- **ABOUT THIS TASK**
Could you output each line below precisely as it stands, without the images?

- **DATA LISTING**
□ □ □ □ □ □ □

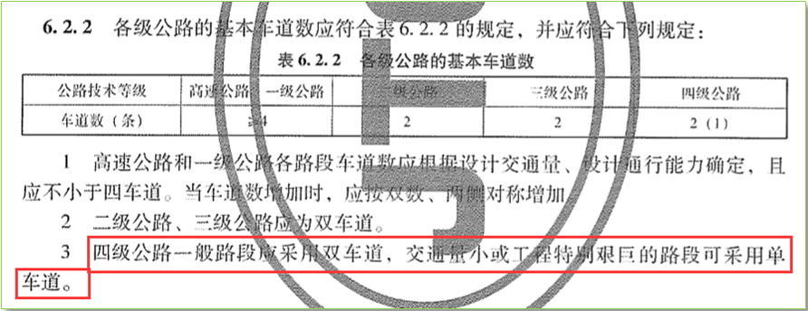 5)还有,请注意《规范》在第6.2.2的第3款,“四级公路一般路段应采用双车道,交通量小或......的路段可采用单车道”。如下图所示。因此,在对四级公路单车道断面(不设置右侧硬路肩)等特殊情况进行讨论时,应注意把握上面第3点提到的“一般性原则”。这样就避免陷入把某种特殊情况,当作普遍性问题去考量的思维局限之中了。
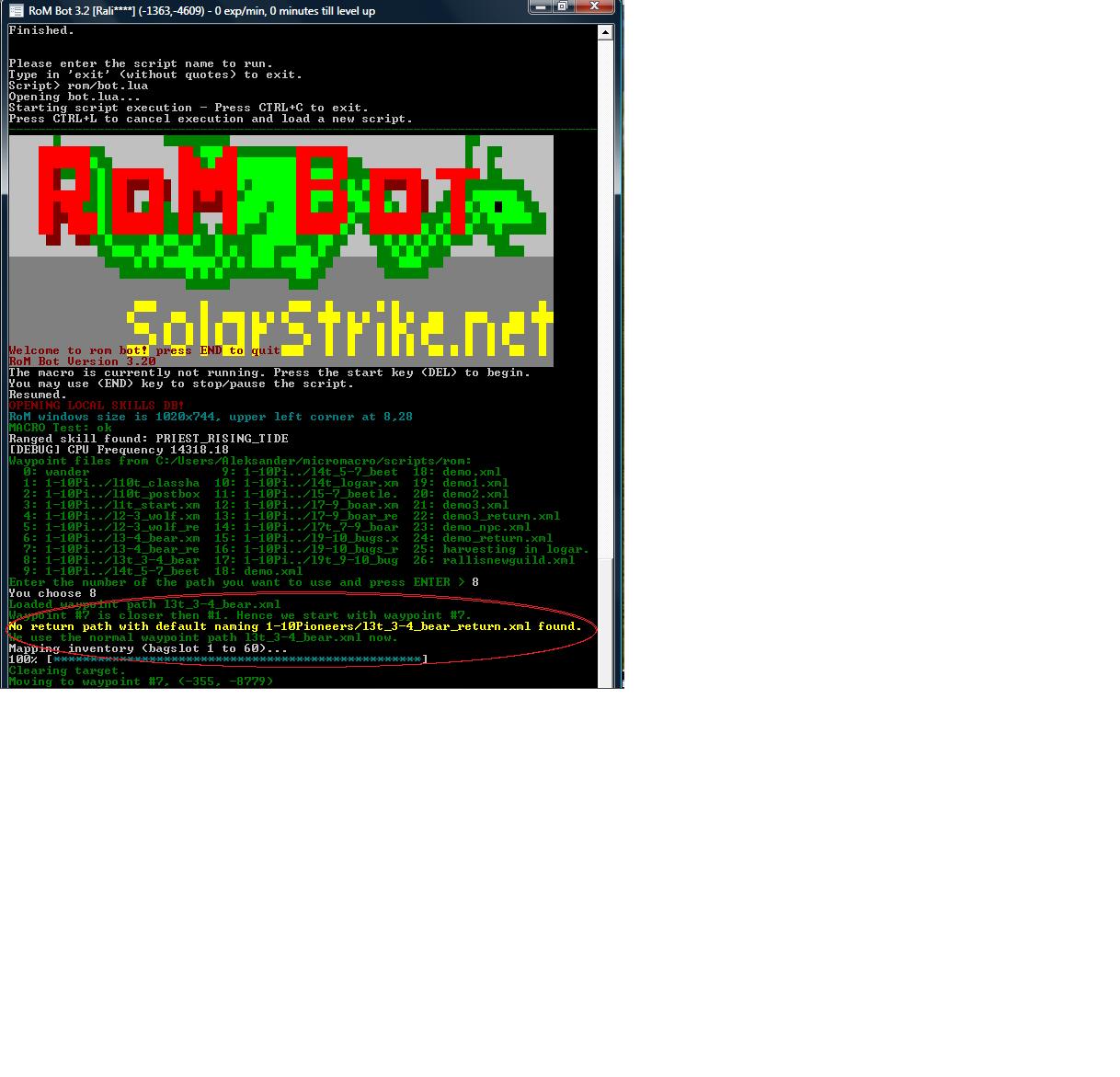 and when i start the bot it says : no return path with default naming 1-10?ioneers/13t_3-4_bear_return.xml found
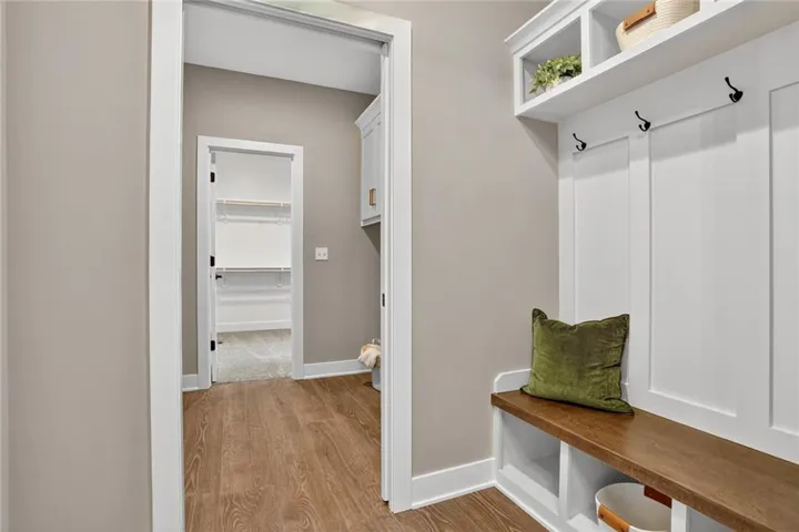 Designed for effortless living, this home offers main-level comfort with an open floor plan featuring durable Rev-Wood® flooring in main-level traffic areas, offering water and scratch resistance for lasting beauty and function. The designer kitchen showcases custom wood, soft-close cabinetry, a center island, built-in stainless-steel ENERGY STAR appliances, a vented hood, and a spacious walk-in pantry with two electrical outlets, great for small appliances and keeping countertops clutter-free. Retreat to the primary suite with tray ceiling and a walk-in closet offering direct access to the laundry room for added convenience. The finished walkout lower level includes two additional bedrooms, a rec room with wet bar and beverage fridge, and a full bathroom, ideal for guests or family. Additional highlights and upgrades include comfort-height toilets on the main level, Pella low-E windows, a high-efficiency furnace, and an insulated, painted garage with keypad entry and built-in Wi-Fi openers, plus an in-ground sprinkler system. Upgraded tile, quartz countertops, lighting, plumbing, and trim are featured throughout. Relax outdoors on the enlarged, low-maintenance composite deck, fully screened with a privacy wall, along with a covered patio below, all overlooking serene green space. Schedule your showing today!
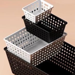 Para ajudar a manter a organização da sua casa, a linha da Coza conta com as versáteis e práticas cestas com 18 x 14 x 8cm, que trarão mais facilidade na organização da sua casa no dia a dia. As cestas plásticas pequenas podem ser usadas em qualquer ambiente da casa, seja para armazenar frutas na cozinha, organizar itens no quarto e até guardar maquiagens no banheiro. As cestas combinam com todas as decorações, pois possuem um design minimalista. São itens funcionais que trazem sentido na frase: "cada coisa em seu lugar".
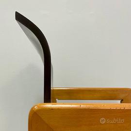 4 sedie nello stile di Tobia Scarpa Realizzate negli anni 70 Design iconico e affascinante, in questo modello si mostra ancora una volta la tipica struttura a doppio cavalletto di Scarpa con il caratteristico giunto arrotondato. Il design semplice e minimale ricorda un volume cubico; i supporti, invece, sono superfici sottili e di forma anatomica. La seduta e lo schienale sono sagomati in compensato e fissati con perni a traverse lungo il centro che offrono un comfort estremo. Il retro presenta un cuneo nella parte inferiore, necessario per la presenza di un rinforzo che reagisce alle sollecitazioni di torsione, più forti in questo punto. Ottima linea, design ricercato sobrio ed elegante tipico del periodo. Scocca leggerissima e dalla linea molto ricercata. Ideali per arredare ambienti moderni e classici. Abbiamo eseguito un restauro conservativo, piccoli segni del tempo. No rotture no mancanze. Le misure sono: H schienale 72, larghezza 50, profondità 47, H seduta 44,5 Spediamo in tutta Italia su bancale con imballaggio professionale a prova di corriere. REGALO SE LA VOLETE UNA QUINTA SEDIA UN PO' ROVINATA
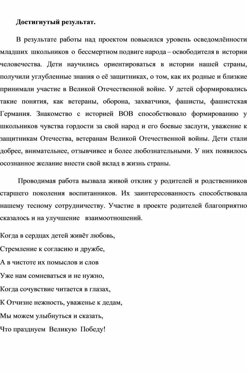 В результате работы над проектом повысился уровень осведомлённости младших школьников о бессмертном подвиге народа – освободителя в истории человечества. Дети научились ориентироваться в истории нашей страны, получили углубленные знания о её защитниках, о том, как их родные и близкие принимали участие в Великой Отечественной войне. У детей сформировались такие понятия, как ветераны, оборона, захватчики, фашисты, фашистская Германия. Знакомство с историей ВОВ способствовало формированию у школьников чувства гордости за свой народ и его боевые заслуги, уважение к защитникам Отечества, ветеранам Великой Отечественной войны. Дети стали добрее, внимательнее, отзывчивее и более любознательными. У них появилось осознанное желание внести свой вклад в жизнь страны.
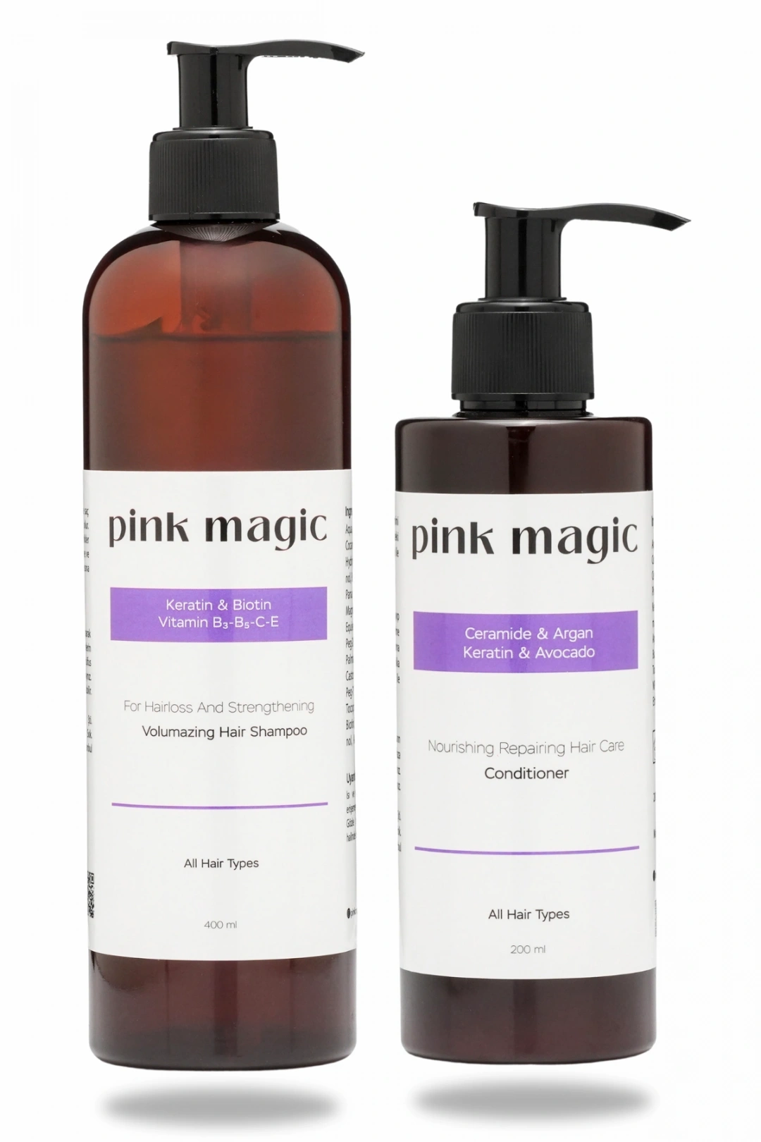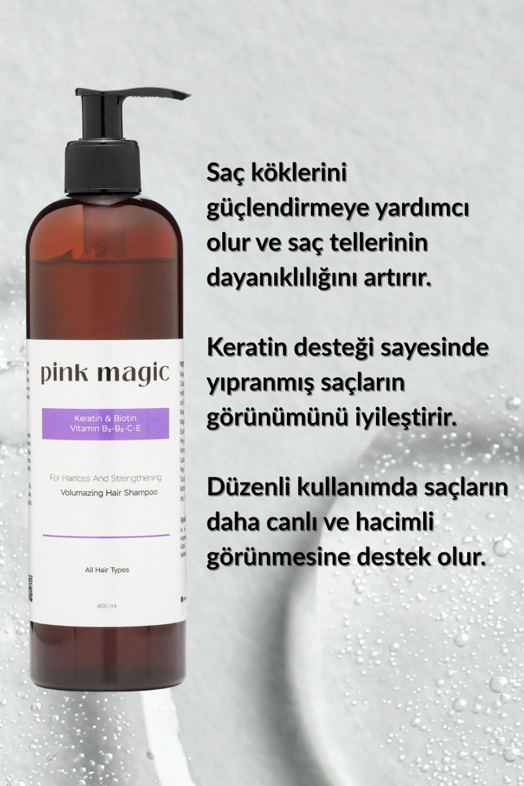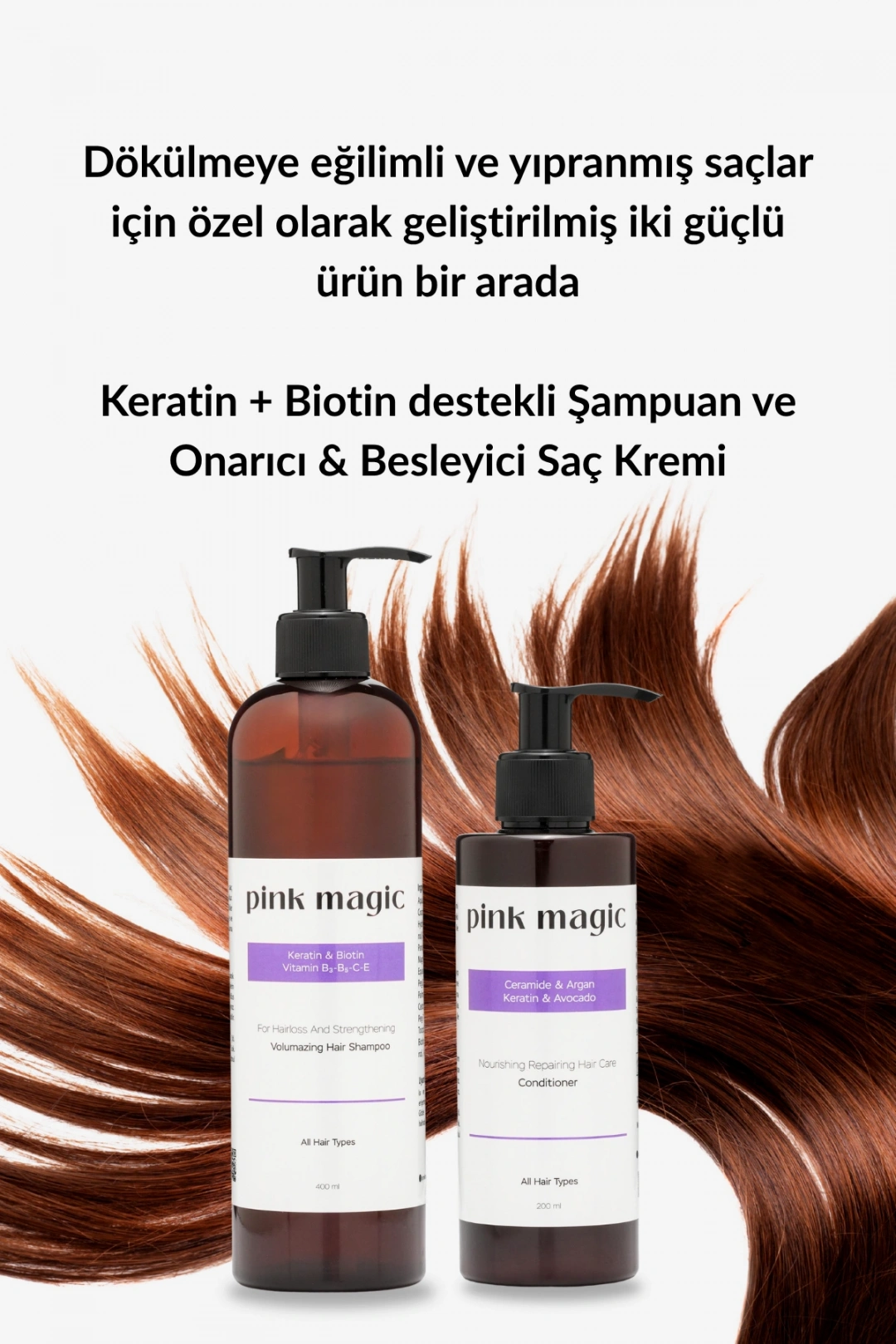 ŞAMPUAN + SAÇ KREMİ SETİ Kimler İçin Uygun? Saç dökülmesi yaşayanlar İncelmiş, güçsüz ve hacmini kaybetmiş saçlara sahip olanlar Yıpranmış, kırılan, zor taranan saç tipi olanlar Boya, ısı ve işlem nedeniyle zarar görmüş saçlar Daha dolgun, canlı ve sağlıklı görünüm isteyen herkes Günlük kullanıma uygun, hafif fakat etkili bakım arayanlar Hangi Sorunları Çözer? Saç dökülmesini azaltmaya yardımcı olur: Keratin, Biotin, Kafein ve Ginseng içeriğiyle saç köklerini güçlendirir. Zayıf ve ince telli saçları güçlendirir: Saç kalınlığını ve direncini artırır. Yıpranmış saçları onarır: Saç kremindeki Keratin, Shea Butter ve Avokado Yağı saç tellerini derinlemesine besler. Kuruluk ve matlık görünümünü giderir: Nem dengesini koruyarak daha parlak ve canlı bir görünüm sağlar. Zor taranan saçları kolaylaştırır: Anında yumuşaklık verir, elektriklenmeyi azaltır. Kırılmayı azaltır: Saç teli dayanıklılığını artırarak kopma karşıtı etki sunar. Neden Tercih Edilmeli? Pink Magic bakım seti, saç derisini arındırırken aynı zamanda saç tellerini besleyen dengeli formülüyle hem dökülme sorununa hem de yıpranmaya aynı anda çözüm sunar.

□ □ □ □ □ □ □

- **ANSWER FOR THE TASK**
 5)还有,请注意《规范》在第6.2.2的第3款,“四级公路一般路段应采用双车道,交通量小或......的路段可采用单车道”。如下图所示。因此,在对四级公路单车道断面(不设置右侧硬路肩)等特殊情况进行讨论时,应注意把握上面第3点提到的“一般性原则”。这样就避免陷入把某种特殊情况,当作普遍性问题去考量的思维局限之中了。
 and when i start the bot it says : no return path with default naming 1-10?ioneers/13t_3-4_bear_return.xml found
 Designed for effortless living, this home offers main-level comfort with an open floor plan featuring durable Rev-Wood® flooring in main-level traffic areas, offering water and scratch resistance for lasting beauty and function. The designer kitchen showcases custom wood, soft-close cabinetry, a center island, built-in stainless-steel ENERGY STAR appliances, a vented hood, and a spacious walk-in pantry with two electrical outlets, great for small appliances and keeping countertops clutter-free. Retreat to the primary suite with tray ceiling and a walk-in closet offering direct access to the laundry room for added convenience. The finished walkout lower level includes two additional bedrooms, a rec room with wet bar and beverage fridge, and a full bathroom, ideal for guests or family. Additional highlights and upgrades include comfort-height toilets on the main level, Pella low-E windows, a high-efficiency furnace, and an insulated, painted garage with keypad entry and built-in Wi-Fi openers, plus an in-ground sprinkler system. Upgraded tile, quartz countertops, lighting, plumbing, and trim are featured throughout. Relax outdoors on the enlarged, low-maintenance composite deck, fully screened with a privacy wall, along with a covered patio below, all overlooking serene green space. Schedule your showing today!
 Para ajudar a manter a organização da sua casa, a linha da Coza conta com as versáteis e práticas cestas com 18 x 14 x 8cm, que trarão mais facilidade na organização da sua casa no dia a dia. As cestas plásticas pequenas podem ser usadas em qualquer ambiente da casa, seja para armazenar frutas na cozinha, organizar itens no quarto e até guardar maquiagens no banheiro. As cestas combinam com todas as decorações, pois possuem um design minimalista. São itens funcionais que trazem sentido na frase: "cada coisa em seu lugar".
 4 sedie nello stile di Tobia Scarpa Realizzate negli anni 70 Design iconico e affascinante, in questo modello si mostra ancora una volta la tipica struttura a doppio cavalletto di Scarpa con il caratteristico giunto arrotondato. Il design semplice e minimale ricorda un volume cubico; i supporti, invece, sono superfici sottili e di forma anatomica. La seduta e lo schienale sono sagomati in compensato e fissati con perni a traverse lungo il centro che offrono un comfort estremo. Il retro presenta un cuneo nella parte inferiore, necessario per la presenza di un rinforzo che reagisce alle sollecitazioni di torsione, più forti in questo punto. Ottima linea, design ricercato sobrio ed elegante tipico del periodo. Scocca leggerissima e dalla linea molto ricercata. Ideali per arredare ambienti moderni e classici. Abbiamo eseguito un restauro conservativo, piccoli segni del tempo. No rotture no mancanze. Le misure sono: H schienale 72, larghezza 50, profondità 47, H seduta 44,5 Spediamo in tutta Italia su bancale con imballaggio professionale a prova di corriere. REGALO SE LA VOLETE UNA QUINTA SEDIA UN PO' ROVINATA
 В результате работы над проектом повысился уровень осведомлённости младших школьников о бессмертном подвиге народа – освободителя в истории человечества. Дети научились ориентироваться в истории нашей страны, получили углубленные знания о её защитниках, о том, как их родные и близкие принимали участие в Великой Отечественной войне. У детей сформировались такие понятия, как ветераны, оборона, захватчики, фашисты, фашистская Германия. Знакомство с историей ВОВ способствовало формированию у школьников чувства гордости за свой народ и его боевые заслуги, уважение к защитникам Отечества, ветеранам Великой Отечественной войны. Дети стали добрее, внимательнее, отзывчивее и более любознательными. У них появилось осознанное желание внести свой вклад в жизнь страны.
 ŞAMPUAN + SAÇ KREMİ SETİ Kimler İçin Uygun? Saç dökülmesi yaşayanlar İncelmiş, güçsüz ve hacmini kaybetmiş saçlara sahip olanlar Yıpranmış, kırılan, zor taranan saç tipi olanlar Boya, ısı ve işlem nedeniyle zarar görmüş saçlar Daha dolgun, canlı ve sağlıklı görünüm isteyen herkes Günlük kullanıma uygun, hafif fakat etkili bakım arayanlar Hangi Sorunları Çözer? Saç dökülmesini azaltmaya yardımcı olur: Keratin, Biotin, Kafein ve Ginseng içeriğiyle saç köklerini güçlendirir. Zayıf ve ince telli saçları güçlendirir: Saç kalınlığını ve direncini artırır. Yıpranmış saçları onarır: Saç kremindeki Keratin, Shea Butter ve Avokado Yağı saç tellerini derinlemesine besler. Kuruluk ve matlık görünümünü giderir: Nem dengesini koruyarak daha parlak ve canlı bir görünüm sağlar. Zor taranan saçları kolaylaştırır: Anında yumuşaklık verir, elektriklenmeyi azaltır. Kırılmayı azaltır: Saç teli dayanıklılığını artırarak kopma karşıtı etki sunar. Neden Tercih Edilmeli? Pink Magic bakım seti, saç derisini arındırırken aynı zamanda saç tellerini besleyen dengeli formülüyle hem dökülme sorununa hem de yıpranmaya aynı anda çözüm sunar.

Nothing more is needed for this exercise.